La cuestión es si la elección laica resulta de por sí mejor e incluso si no debe haber alternativa por ser la única admisible y homologable con las democracias más avanzadas

Ignacio Molina
Acto de investidura de Sánchez ante el Rey.
Acto de investidura de Sánchez ante el Rey. Fernando Alvarado (EFE)

Nunca, desde 1978, había triunfado en España una moción de censura ni el presidente del Gobierno había sido investido sin que lo propusiera el Rey o sin pertenecer al partido ganador de las elecciones. Pero la llegada al poder de Pedro Sánchez no solo ha sido novedosa en lo político-constitucional sino también en lo simbólico por ser la primera vez que la toma de posesión en Zarzuela se realiza sin Biblia y crucifijo. Comentaristas y redes sociales han alabado o criticado el gesto según su orientación ideológica. Los más conservadores han visto mero postureo cuando no un desprecio a la tradición. En el polo opuesto se ha señalado que “por fin entramos en el siglo XXI” y que, en un Estado aconfesional como el nuestro, lo que debería escandalizar es la posibilidad de que alguien jure su cargo público ante signos religiosos ¿De veras?
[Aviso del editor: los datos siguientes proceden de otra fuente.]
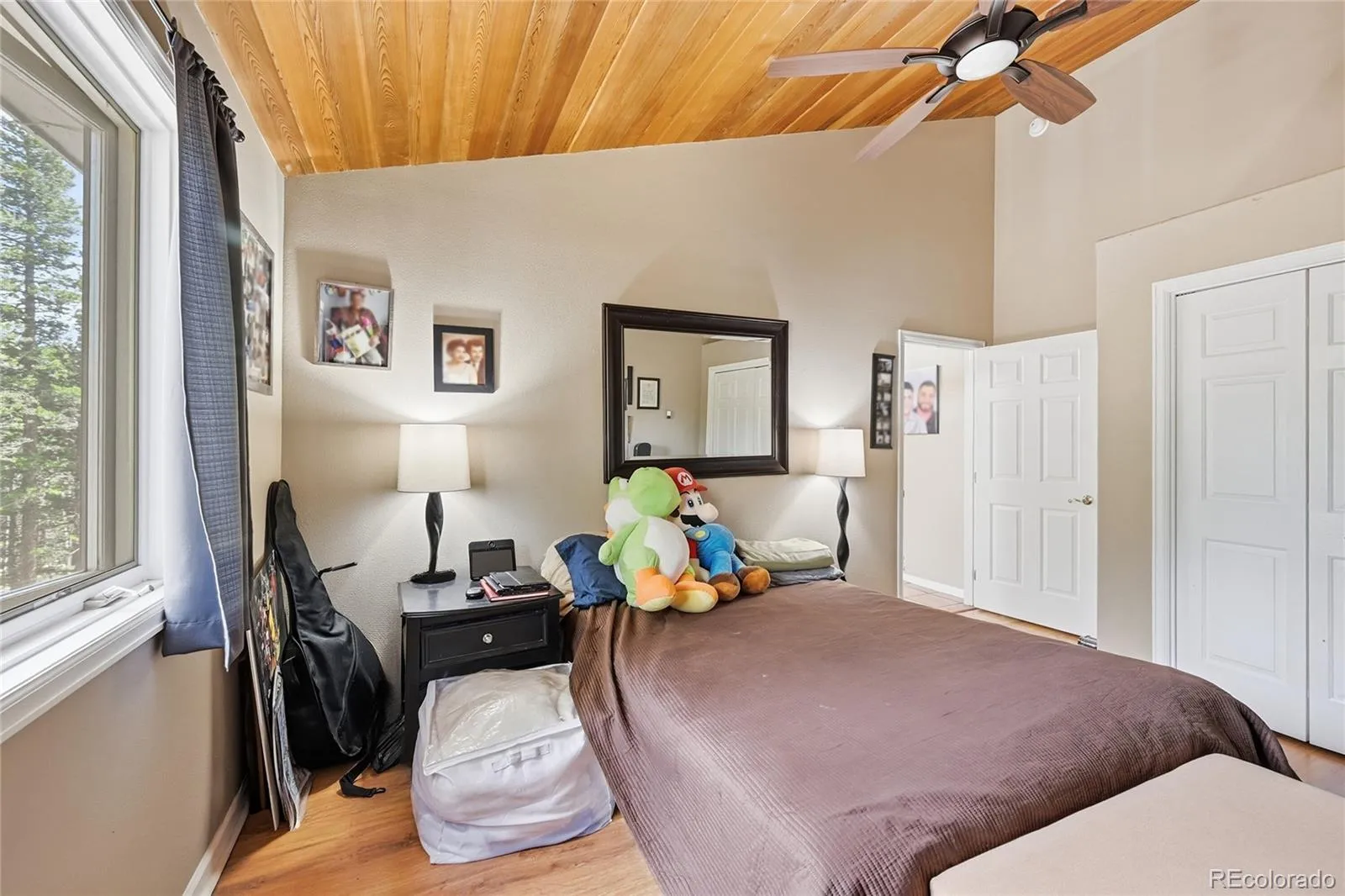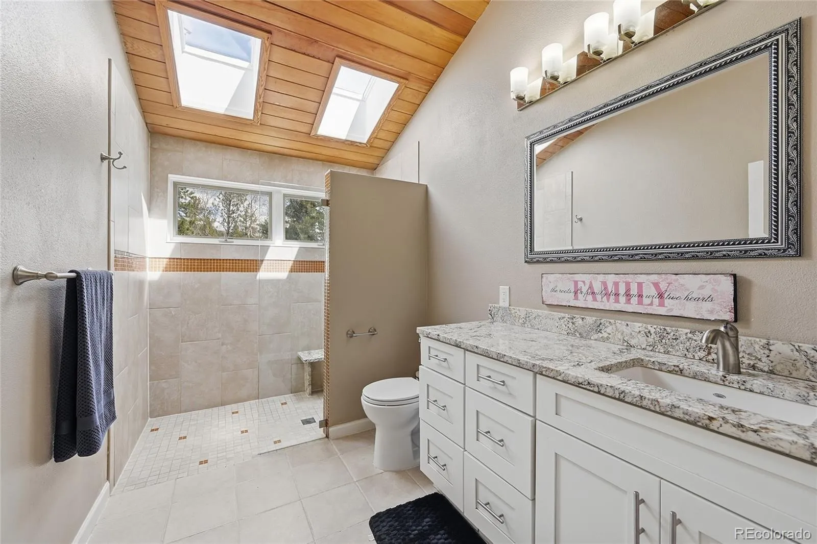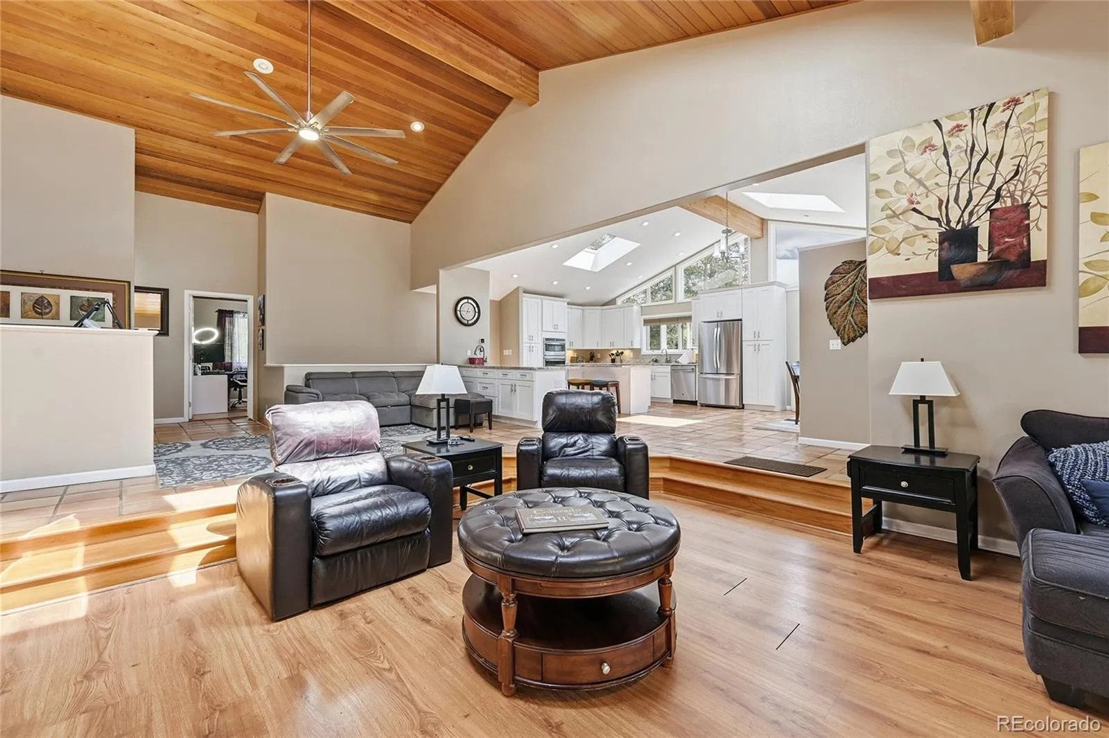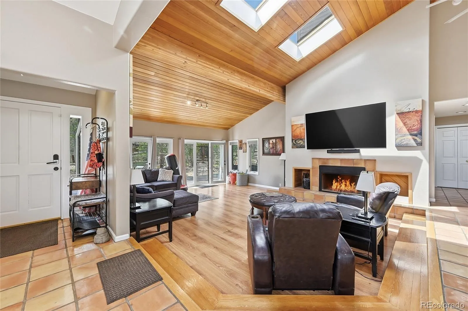 Stunning updated sprawling ranch on over an acre in the private, highly desirable Missouri Lakes community, featuring a private pond for catch-and-release fishing. Light, bright, and open throughout with abundant windows and soaring tongue-and-groove ceilings. Warm radiant heat adds comfort year-round. The beautifully updated kitchen is designed for entertaining and features a large granite island, granite countertops, spacious breakfast bar, oversized walk-in pantry, vaulted ceilings, skylights, and stainless steel appliances. Formal dining room with skylight. Step down into the grand great room with dramatic vaulted ceilings, an inviting fireplace with substantial mantel, and abundant natural light. The spacious primary suite offers vaulted ceilings, private access to the deck, a stunning spa-inspired updated five-piece bath, and a huge walk-in closet. Generous secondary bedrooms also feature vaulted ceilings. Beautifully updated three-quarter bath with custom shower and skylights. Convenient main-floor laundry. Downstairs, enjoy a warm and welcoming family room with fireplace & built-ins, plus an office/study with half bath that could easily serve as a fifth bedroom. Large fourth bedroom with private entrance, private bath, walk-in closet, and laundry area, ideal for multigenerational living or an in-law suite. Outdoor living shines with an updated 20×53 deck perfect for BBQs and enjoying the peaceful setting. Newer shed, extra gravel driveway, and attached three-car garage with storage and workbench area. Wonderful tree-filled lot offering the perfect mountain living lifestyle, with access to the private Missouri Lakes pond for catch-and-release enjoyment. Ideally located just minutes from Black Hawk and Central City, with an easy drive to the Denver metro areas.

No se puede imponer una fórmula que violente a quien sea ateo, profese una creencia distinta de la católica o simplemente no desee manifestarla en público. La posibilidad de prometer está garantizada en nuestro país y es probable que sea la más usada, en particular por los altos cargos de izquierda. El paso dado ahora –no exhibir elementos cristianos- responde a un cambio en la ceremonia que, en contra de lo que se ha dicho, no ha impuesto el nuevo presidente sino que se introdujo hace cuatro años por Felipe VI como opción. Mariano Rajoy prefirió la jura y los símbolos de costumbre. Pedro Sánchez ha decidido lo contrario.

La cuestión es si la elección laica resulta de por sí mejor e incluso si no debe haber alternativa por ser la única admisible y homologable con las democracias más avanzadas. No parece que el panorama comparado abone esa conclusión. Es de sobra conocido que la inauguración de los presidentes de EEUU acaba con un “So help me God”. Y no es una extravagancia. Alemania, Australia, Canadá, Holanda, Reino Unido o los países escandinavos incluyen invocaciones a Dios en las tomas de posesión y hasta las regulan en su Constitución. Lo contrario –el férreo secularismo de Francia o, hasta ahora, de Turquía- es más bien excepcional. Y, si bien en casi todos los casos puede optarse por eliminar lo religioso, líderes progresistas como Trudeau o Tsipras lo han mantenido.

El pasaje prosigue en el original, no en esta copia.